Since the impulse response is independent of the time of flight of the ions being detected, a fixed filter function can be utilized. In the absence of both electronic and statistical noise, the output of the filter is a single value that exits the filter at a time delay characteristic of the flight time of the ions. The magnitude of this value is proportional to the number of electrons generated by the ions having that flight time. Hence, the filter converts a signal that would normally have a time duration that spreads the signal in time over a number of bins into a larger signal in a single bin. It should be noted that the filter utilizes data from a number of time bins, and hence, the filter provides a noise reduction function as well.
While the embodiment of the present invention shown in FIG. 2 is a summing type TOFMS, embodiments of the present invention can be practiced in an event type TOFMS as well. In such embodiments, the output of the ADC is filtered prior to the event detection circuitry such that the event detection circuitry operates on the output of the filter as if it were the conventional ADC output.
To construct a filter for use in the present invention, the frequency response of a characteristic peak generated by ions of a single mass is measured. The FIR filter is designed to match the measured frequency band or bands. Traditional digital filter design techniques can be used to design a low or bandpass filter with the steepest roll off that can be accommodated by the digital signal processing power of the system.
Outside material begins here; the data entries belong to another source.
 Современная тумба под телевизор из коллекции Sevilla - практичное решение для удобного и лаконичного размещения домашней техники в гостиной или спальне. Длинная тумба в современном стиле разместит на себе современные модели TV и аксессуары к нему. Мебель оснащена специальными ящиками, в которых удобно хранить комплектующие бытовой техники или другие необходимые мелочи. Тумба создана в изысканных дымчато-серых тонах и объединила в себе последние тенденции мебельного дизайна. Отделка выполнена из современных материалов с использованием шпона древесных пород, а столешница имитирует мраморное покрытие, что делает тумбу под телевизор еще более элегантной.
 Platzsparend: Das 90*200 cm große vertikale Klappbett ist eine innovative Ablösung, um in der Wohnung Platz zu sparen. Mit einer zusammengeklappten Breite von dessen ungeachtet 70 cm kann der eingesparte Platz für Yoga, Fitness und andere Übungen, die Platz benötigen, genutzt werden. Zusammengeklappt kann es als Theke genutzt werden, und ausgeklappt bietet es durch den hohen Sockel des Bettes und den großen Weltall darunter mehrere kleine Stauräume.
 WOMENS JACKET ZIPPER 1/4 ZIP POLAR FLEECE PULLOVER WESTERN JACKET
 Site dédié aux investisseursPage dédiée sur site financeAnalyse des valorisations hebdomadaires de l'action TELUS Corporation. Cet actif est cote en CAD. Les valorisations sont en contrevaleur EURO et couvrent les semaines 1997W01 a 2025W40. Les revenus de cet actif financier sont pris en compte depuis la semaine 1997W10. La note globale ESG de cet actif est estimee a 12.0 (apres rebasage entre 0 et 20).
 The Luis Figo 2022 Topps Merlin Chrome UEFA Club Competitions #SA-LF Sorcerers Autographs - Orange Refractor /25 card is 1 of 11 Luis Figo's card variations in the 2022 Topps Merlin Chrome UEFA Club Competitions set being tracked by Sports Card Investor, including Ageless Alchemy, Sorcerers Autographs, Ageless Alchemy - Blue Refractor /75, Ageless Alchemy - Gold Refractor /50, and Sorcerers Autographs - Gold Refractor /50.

Other embodiments in which the filter includes a combination of a low pass filter and multiple band pass filters can also be constructed.
The above-described embodiments of the present invention utilize a filter in which the filter function is independent of the time of flight of the ions. However, embodiments in which the filter function depends on the time of flight can also be practiced. In such an embodiment, controller 141 stores a plurality of filter functions. The specific filter function that is employed is determined by the value in address register 18. Such embodiments are useful if the ion pulse for a single species extends over a time period that is of the same order of magnitude as the response of the detector.
Various modifications to the present invention will become apparent to those skilled in the art from the foregoing description and accompanying drawings. Accordingly, the present invention is to be limited solely by the scope of the following claims.